> [Directions] Your answer should be the lines below from the one with "(二)崗位:化工操作、倒班制。" to the one with "Featuring a blue", both included, given again exactly and with nothing added.

> [Material for the task]
>>>

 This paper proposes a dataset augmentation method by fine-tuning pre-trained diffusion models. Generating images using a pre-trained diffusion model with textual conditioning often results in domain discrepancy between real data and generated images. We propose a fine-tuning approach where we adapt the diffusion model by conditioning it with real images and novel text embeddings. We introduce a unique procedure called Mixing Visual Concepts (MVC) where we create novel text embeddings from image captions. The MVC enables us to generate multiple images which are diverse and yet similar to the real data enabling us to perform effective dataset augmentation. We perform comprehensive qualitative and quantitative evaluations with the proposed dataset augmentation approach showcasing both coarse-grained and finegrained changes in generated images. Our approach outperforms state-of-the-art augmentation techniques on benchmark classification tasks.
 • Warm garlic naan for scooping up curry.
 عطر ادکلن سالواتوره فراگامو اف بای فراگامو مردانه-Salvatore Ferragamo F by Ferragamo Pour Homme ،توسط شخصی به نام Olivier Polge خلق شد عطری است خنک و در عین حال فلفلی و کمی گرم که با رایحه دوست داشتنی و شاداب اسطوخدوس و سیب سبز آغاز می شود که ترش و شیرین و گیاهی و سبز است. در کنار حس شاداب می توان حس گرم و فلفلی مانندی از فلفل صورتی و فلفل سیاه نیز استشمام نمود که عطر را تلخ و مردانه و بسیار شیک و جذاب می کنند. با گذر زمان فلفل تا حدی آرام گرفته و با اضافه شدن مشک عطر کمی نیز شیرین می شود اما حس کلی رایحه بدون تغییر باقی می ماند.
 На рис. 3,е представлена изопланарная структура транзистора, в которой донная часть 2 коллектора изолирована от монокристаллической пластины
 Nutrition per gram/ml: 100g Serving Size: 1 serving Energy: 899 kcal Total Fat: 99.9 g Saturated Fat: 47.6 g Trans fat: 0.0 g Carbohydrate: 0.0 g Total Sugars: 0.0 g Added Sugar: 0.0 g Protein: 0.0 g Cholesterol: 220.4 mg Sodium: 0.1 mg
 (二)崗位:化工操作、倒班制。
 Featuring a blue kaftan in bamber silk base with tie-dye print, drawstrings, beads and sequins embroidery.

<<<
>>>

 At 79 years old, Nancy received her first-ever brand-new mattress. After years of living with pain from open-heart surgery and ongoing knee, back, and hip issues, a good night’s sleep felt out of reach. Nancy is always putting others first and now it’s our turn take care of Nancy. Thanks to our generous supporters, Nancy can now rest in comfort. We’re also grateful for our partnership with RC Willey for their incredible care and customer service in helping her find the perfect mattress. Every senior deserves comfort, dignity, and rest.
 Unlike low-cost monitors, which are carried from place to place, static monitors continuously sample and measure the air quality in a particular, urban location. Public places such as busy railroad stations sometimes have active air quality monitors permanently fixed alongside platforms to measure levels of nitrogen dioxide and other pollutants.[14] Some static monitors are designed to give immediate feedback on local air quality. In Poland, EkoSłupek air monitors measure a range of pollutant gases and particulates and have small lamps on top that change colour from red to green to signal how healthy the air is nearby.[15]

<<<
>>>

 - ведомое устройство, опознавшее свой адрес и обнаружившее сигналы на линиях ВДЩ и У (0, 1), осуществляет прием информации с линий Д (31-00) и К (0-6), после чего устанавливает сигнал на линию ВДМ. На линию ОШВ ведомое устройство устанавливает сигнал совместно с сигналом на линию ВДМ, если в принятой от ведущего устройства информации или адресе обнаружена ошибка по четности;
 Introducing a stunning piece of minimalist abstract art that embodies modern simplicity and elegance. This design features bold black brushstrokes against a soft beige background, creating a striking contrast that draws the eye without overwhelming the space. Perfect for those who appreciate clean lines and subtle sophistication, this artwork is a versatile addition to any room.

<<<

> [Output of the exercise]
 (二)崗位:化工操作、倒班制。
 Featuring a blue kaftan in bamber silk base with tie-dye print, drawstrings, beads and sequins embroidery.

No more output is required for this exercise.